The XRD pattern for the sample fabricated with the HEMA resin without PEGDA-4000 is shown in Figure 4h. The wide peak at 2θ = 19.5° can be easily discerned, which implies the polymerization of HEMA resin. Meanwhile, another group of samples manufactured with the HEMA resin with the high concentration loading of PEGDA-4000 shows two peaks, one at 2θ = 5.5° and another at 2θ = 19.5° (Figure 4i), demonstrating the crystallization of PEGDA and the polymerization of HEMA, respectively. To further investigate the performance of stereolithography 3D printing with thermal assistance, a stent model was fabricated with the HEMA resin with the 40 wt% solute loading of PEGDA-4000, which is listed in Figure 4j,k. Also, Figure 4l,m shows that the models with microfeatures were 3D-printed with the HMEA resin with the 40 wt% solute loading of PEGDA-4000. The results demonstrated that the designed resin loaded with the high concentration of solute could be used for 3D printing with projection stereolithography with thermal assistance, and showed excellent performance on the fabricating structures with high resolution.

The mechanical properties of the designed resins were studied using the tensile and compression tests. The tensile test was conducted using a rectangle sample with the dimension of 60 × 10 × 1 mm for each resin [32,33]. Figure 5a shows that the HEMA resin without PEGDA-4000 leads to the lowest stiffness as well as stretchability. As the concentration of solute PEGDA-4000 increases, both the stretchability and the maximum stress enhance significantly, which is attributed to the longer chains of PEGDA-4000 and the interfacial bond formation between HEMA and PEGDA-4000. Compared to HEMA resin without solute PEGDA-4000, HEMA resin with 40 wt% solute concentration has a three-times-higher strain. Meanwhile, compared to HEMA without solute, the maximum stress before the debonding of HEMA resin with a solute concentration of 40% has been improved by almost 10 times. Compared to the other resins, HEMA resin without PEGDA-4000 has the lowest Young’s modulus, which is 63.31 ± 2.72 MPa. As shown in Figure 5b and Table 1, the Young’s modulus of HMEA resin showed a positive effect with the concentration of solute PEGDA-4000, compared to 10 wt% HEMA resin, the Young’s modulus of 40 wt% HEMA resin has been improved from 152.62 ± 6.23 MPa to 247.14 ± 8.97 MPa, which is about 2.4 and 3.9 times that of HEMA resin without solute loading. Each error bar in Figure 5b is generated with five replicas.

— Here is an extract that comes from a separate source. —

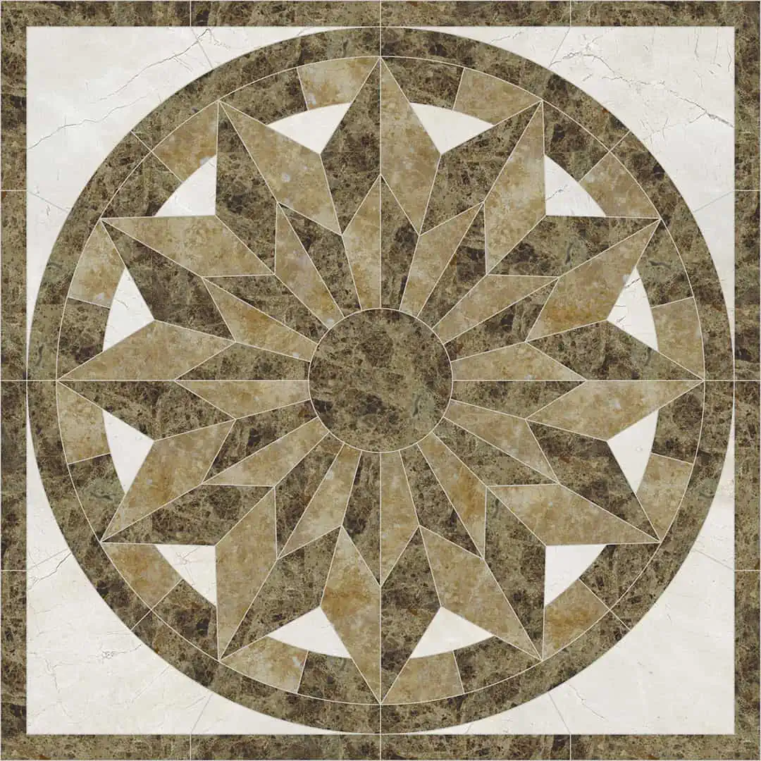 Waterjet cut natural stone medallion, made to order. Cut from 12-inch x 12-inch x 3/8-inch tile (or 1/2-tile or 3/4-inch slab for an additional charge). Production time is 4 – 6 weeks for standard sizes and readily available materials. Cut/grout lines will vary depending on size of design. Above diagram may not reflect actual cut lines of your medallion. Natural stone will vary in color and veining. Color and veining differences are not considered defects. Any samples, pictures, or printouts are only examples of what the medallion may look like.

For the solid part, defects are prone to generate inside the structure during 3D printing and it is hard to obtain an analyzable stress–strain curve because of the brittleness. Thus, the compression test for each resin was conducted by printing the lattice model shown in Figure 4a [34]. The compression stress–strain curves are depicted in Figure 5c, while the peak of each curve indicates the fracture in the lattice structure. Similar to the results of the tensile test, the compression strain for the HEMA resin without solute is less than 15% and the stress is about 0.1 MPa; both of them are the lowest among the designed resins. The peak stress reached about 1.4MPa and the strain raised up to 26% when the concentration of PEGDA-4000 solute in HEMA resin reached 40 wt%. Figure 5d shows the compression modulus of each resin. It is clear that the PEGDA-4000 has a positive effect on the compression modulus of the HEMA resin. As shown in Table 2, the HEMA resin without solute loading leads to a compression modulus of 1.43 ± 0.12 MPa while that modulus for the HEMA resin with 10 wt%, 20 wt%, 30 wt%, and 40 wt% solute loading of PEGDA-4000 are 1.92 ± 0.12 MPa, 2.50 ± 0.24 MPa, 3.71 ± 0.18 MPa, and 7.14 ± 0.38 MPa, respectively. In Figure 5d, each error bar is generated with five replicas.

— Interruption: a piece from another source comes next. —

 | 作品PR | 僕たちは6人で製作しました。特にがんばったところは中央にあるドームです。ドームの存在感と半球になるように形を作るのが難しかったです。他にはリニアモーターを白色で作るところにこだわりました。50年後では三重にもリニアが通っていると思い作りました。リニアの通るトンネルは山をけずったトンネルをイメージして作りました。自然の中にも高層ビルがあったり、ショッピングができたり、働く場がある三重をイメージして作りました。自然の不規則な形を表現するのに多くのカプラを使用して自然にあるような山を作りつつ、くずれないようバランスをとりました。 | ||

The results of the compression and tensile tests indicated that the high loading of PEGDA-4000 is able to significantly improve the mechanical properties of HEMA resin. The infrared spectra analysis was conducted to investigate the enhancement mechanism. Figure 5e shows the analysis results for the HEMA resin without solute, in which three absorptivity peaks at 1090 nm, 1722 nm, and 2883 nm can be detected, respectively, indicating the double bonds in the polymer. However, the absorptivity peaks for the HEMA resin with 40 wt% loading of PEGDA-4000 (Figure 5f) are markedly lower than those of the HEMA resin without PEGDA-4000. This means that the double bonds decrease after the polymerization process by adding the PEGDA-4000, implying a high degree of polymerization. The infrared spectra analysis results illustrate that the PEGDA-4000 could promote the polymerization of the HEMA resin, which is consistent with the results shown in Figure 3a, and the high degree of polymerization leads to a positive effect on the mechanical properties of HEMA resin.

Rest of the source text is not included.